Continuing this week’s theme of great music, good gameplay: Guitar Hero II, the first of the major rhythm games that caught and held my attention. After the flurry of World Tour playing in this household, I missed the music in this other game. A shame that one can’t port tracks between titles – not that there’s any shortage of rock to go around.

I’ve already talked about tipping points and popularity with World Tour, but Guitar Hero II makes me wonder in a more personal sense. Assume, as I have, that the game works because it makes you feel cool, lets you tap into that rock star fantasy with no more than a basic understanding of rhythm and the ability to push some buttons.

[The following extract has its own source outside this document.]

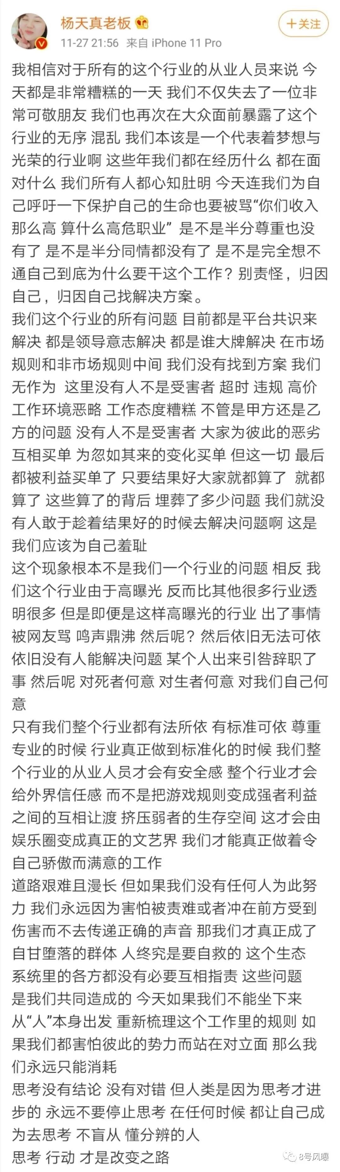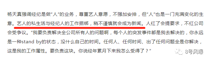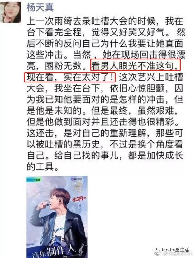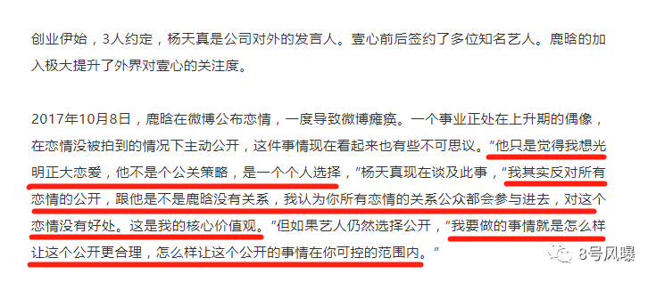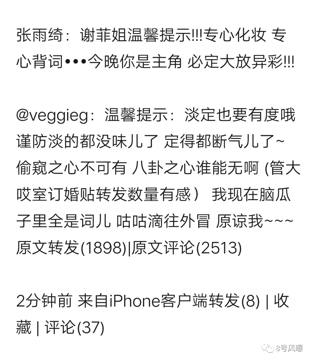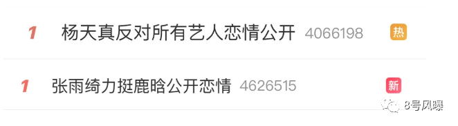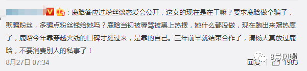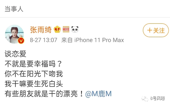 鹿晗都公开恋情3年了,还需要张雨绮力?挺?吗? 8号风曝 内地男星 2020-08-28 13:58:50 1544 创作不易,用心坚持,欢迎请BaGua喝几杯爱心咖啡!打赏并支持本文 打赏并删除本文 猛的一看,还以为张雨绮和鹿晗公开恋情了↓ 阳光下吻我、生死白头……这梦回非主流时代的QQ空间文学,实际上拉开了一出好戏! 事情是这样的,前不久刚刚宣布卸任所有艺人经纪业务、转场直播赛道的杨天真女士,在陆续发表“为什么不可以为了工作牺牲身体呢?”等言论后,最近又有新观点轰轰烈烈诞生。 在接受采访时,杨天真谈到了3年前鹿晗公开恋情之事。 那一天盛况仿佛还在眼前,鹿晗关晓彤猝不及防平地炸出一声惊雷,官宣恋情了,“大家好,给大家介绍一下,这是我女朋友”“哎呀嘛,咔咔的!” 3年后再复盘,杨天真觉得这是鹿晗的“个人选择”,想正大光明谈恋爱,并非“公关策略”。但从她的立场出发,杨天真反对所有艺人公开恋情,因为“公众会参与进去,对恋情没有好处”。 但如果艺人还是决意公开,作为经纪人就要让这件事变得可控。 她举了个例子,为了给鹿晗公开恋情做铺垫,当时壹心提前和媒体通气,接下来的一周持续监控全网舆情,最怕出现“粉丝自杀”的新闻。 其实站在经纪公司的角度上,杨天真的考量是有道理的。艺人、粉丝和经纪公司的出发点并不同,经纪公司追求利益最大化,如果艺人公开恋情后劈腿、出轨就直接是沉没成本了,所以她也说“艺人私生活稍有不慎就会成为新闻”。 但是这段采访被掐头去尾地搬运后,就变成了简单的“杨天真曾反对鹿晗恋情公开”“杨天真反对所有艺人恋情公开”↓ 首先是鹿晗这边,3年前也是从全网反对的风暴中走过来的,但如今以一年两次的稳定频率在双方过生日时秀恩爱,不作妖也不过分扎心,感情稳定。 能把坚持了1000多天的分手打卡bot熬死的,估计也就这一对了。 再加上2018年2月鹿晗在壹心的合约期满,正式结束合作关系↓ 所以杨天真此言一出,鹿晗粉丝立刻开火切割,“别cue了”“求放过”↓而另一边,张雨绮便发了开篇的那条微博,并@鹿晗。 给人观感同样差到谷底,鹿晗都公开3年了,当初全网反对时你不力挺,现在迟到的力挺又有什么用?还有直接指明她就是在蹭热度的↓更惨的是鹿晗,人在家中坐,两口锅从天上来,简直成了没有感情的辩论工具人。 上午还在被反对公开,下午又被力挺,真·在劫难逃。前是前老板,后是前同事,真·无鹿可走↓ 而张雨绮的这波发言,可以说是弊大于利。她的这几年,星女郎出道起点之高,私生活方面结了又离、离了又持刀嚯嚯向前夫,这抓马的人生像极了韩剧。 也神奇般陷入了圈一波路人好感→再亲手打碎的怪圈中,循环反复……张雨绮两次婚姻一直让人津津乐道,和相差21岁的王全安,组成老夫少妻组合↓即使张雨绮年轻、漂亮、身材好,然而也挡不住她在国外工作的期间,王全安连续三天嫖娼,其中有一次还叫了两名卖淫女子。 放着家花找野花,这……张雨绮表面上要和王全安共同承担,坦白面对,“相信执法部门会有公正处理。” 紧着就被拍到和其他男人约会↓次年王全安6月出狱,7月两人就正式办理了离婚手续。 和第二任老公袁巴元相识10天相恋,相恋70天即结婚↓可18年中秋节,袁巴元报案称因为家庭琐事和张雨绮产生肢体冲突,被张雨绮拿水果刀在背部划了两刀。前一天持刀干架,第二天就宣布离婚,有人说是因为袁巴元房产是假的,也有人说男方疑似出轨,不管怎么说,张雨绮这风风火火、敢爱敢恨的性格算是立起来了↓让人错愕的却是,离婚不过2个月,张雨绮就屡次被拍到和袁巴元挽手,更直接宣布复合,美名其曰“一个单身女人可以接受前夫的追求”。吃瓜群众可算是回过神了,新时代女性真的会这样吗?但是互联网的记忆总是短暂的,之后张雨绮在大小综艺上循环宣扬着自己的当代独立女性感情观。上《吐槽大会》主动玩梗,“我看男人的眼光确实不行”↓在《心动的信号》蹦金句,“我的底线是我又不怕失去你”↓直到2019年11月27日,高以翔录制浙江卫视综艺《追我吧》突发猝死离世,张雨绮这才迎来了第二次口碑大跳水。她发微博觉得明星是高危行业,咋高危的呢?工作时间高危,甲醛污染高危,不合理的危险拍摄方案高危,威亚高危,网络暴力高危……直接被批,“吃人血馒头”↓词条也关联上了↓再来就是这次,眼看着她参加《乘风破浪的姐姐》后,好不容易重新积攒的一波路人缘,又摇摇欲坠——初舞台顺拐依旧惹人爱,喜提“人间鹦鹉”“笨蛋小雨”等可可爱爱昵称,人们终于再次发现美艳御姐外表下藏了一颗憨憨心,用了十世的智商才换得今生的美貌……真想感叹一句,毁自己的路人缘这件事,还是得张雨绮自己上啊。其实吧,如果要说蹭热度,这也不是第一次张雨绮有类似行为了。 最早可以追溯到2010年10月29日,汪小菲大S承认订婚正好赶上了王菲的复出演唱会,那时候的天后还是冲浪选手,发了条微博调侃大S。 而张雨绮转发表示感谢,称“今晚你是主角”↓当年的网友可真敢说,有人觉得王菲是在力挺张雨绮;也有人说,张雨绮就是自作多情,故意对号入座,借王菲炒作↓ 再往后,张雨绮也活成了5G冲浪选手,每每有热点事件,她都冲出来发言表态。 单单是这两年——俞敏洪认为“女性的堕落导致了国家的堕落”,张雨绮就立马回怼,直接@俞敏洪↓ 高以翔意外去世,张雨绮感叹“明

At what point does each of us make the leap to feeling cool from “Okay, I’ll wear this bright red, plastic kiddie guitar- in front of my friends, no less – and pretend to play it.” Yes, you can buy more a more serious, adult guitar now….but this is the default controller, this flimsy, undersized anathema. I don’t think we could look less like rock stars if we tried.

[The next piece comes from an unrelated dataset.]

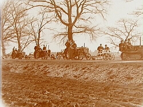 16 personer, gruppbild, 4 traktorer.

And yet, that physicality is what makes the game work on a fundamental level. Holding a normal controller, as we do with every fighting, platforming, and shooting game out there, wouldn’t have anywhere near the same kind of gut emotional response for me that I get when I’m holding something that, for all intents and purposes, is a guitar. It’s one gimmick that doesn’t feel like a gimmick – rather, it feels necessary. And yet, it was embarrassing that first time to pull that cheap strap over my head and stand there as if I was holding a real instrument, and tap along to something written by Motley Crue or Nirvana or Rage Against the Machine.

I’ve thought this before, but “fun”, as we define it in practice, seems to have a large element of “potentially humiliating and patently ridiculous.”

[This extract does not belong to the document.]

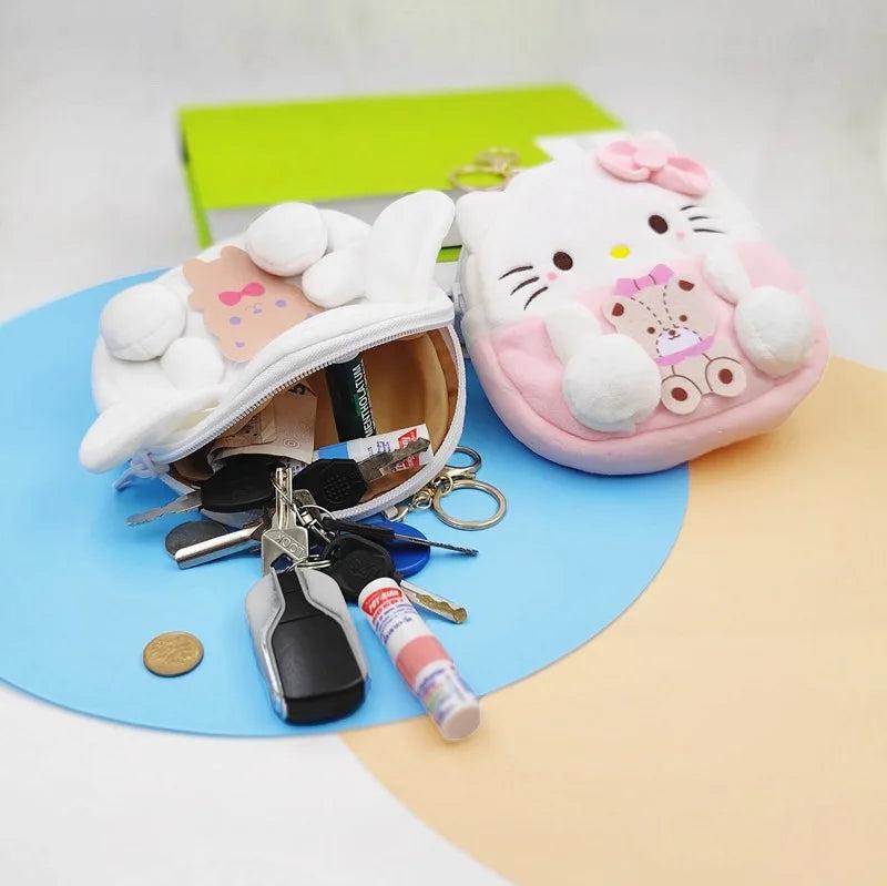 Kuromi Cinnamon My Melody Plush Wallet Coin Purse Keychain

Perhaps that’s part of it: that we do these silly things, and let other people see us doing these silly things, and are unashamed. There’s enjoyment in nonsense, in letting go of all things serious – and it is certainly not serious to play Guitar Hero. And yet, in the moment of playing, we take it very seriously, as a challenge we enjoy working through. Excepting, of course, those of us playing Buckethead’s “Jordan” on Expert. (That damnable track! If “Freebird” is the final boss fight, “Jordan” is that worthless optional boss that is so ridiculously hard, so laughably out of balance with the rest of the game, that the rewards for winning are by definition useless, and only the zealot uberfans even bother. …Maybe I’ll beat it this week.)

I’ll say as well that given the nature of the Guitar Hero series, I prefer the multiplayer experience. Yes, there is a duelling guitars mode in II, but it’s not the same as when three or four of us are “playing” together – in every sense of the word. I know my biases, and I’m certainly a singleplayer gamer by trade – but here, I’m not as deeply immersed or single-mindedly challenged as I am in my complex, highly narrative platformers or action games. Here I want to argue about which track to play next, to complain about Significant Tim’s lousy taste in classic rock, to save the band by hitting a perfect streak of notes at just the right time….It’s not as fun playing guitar by yourself. Although I’d still like the option, for those times when everyone else is busy or I just a few tracks to myself. Which says something about both the genre and the medium of music, I think.

Now, if they’d only start working on Jazz Hero… Buckethead’s got nothing on Charlie Parker.

~ by Monica Evans on January 19, 2009.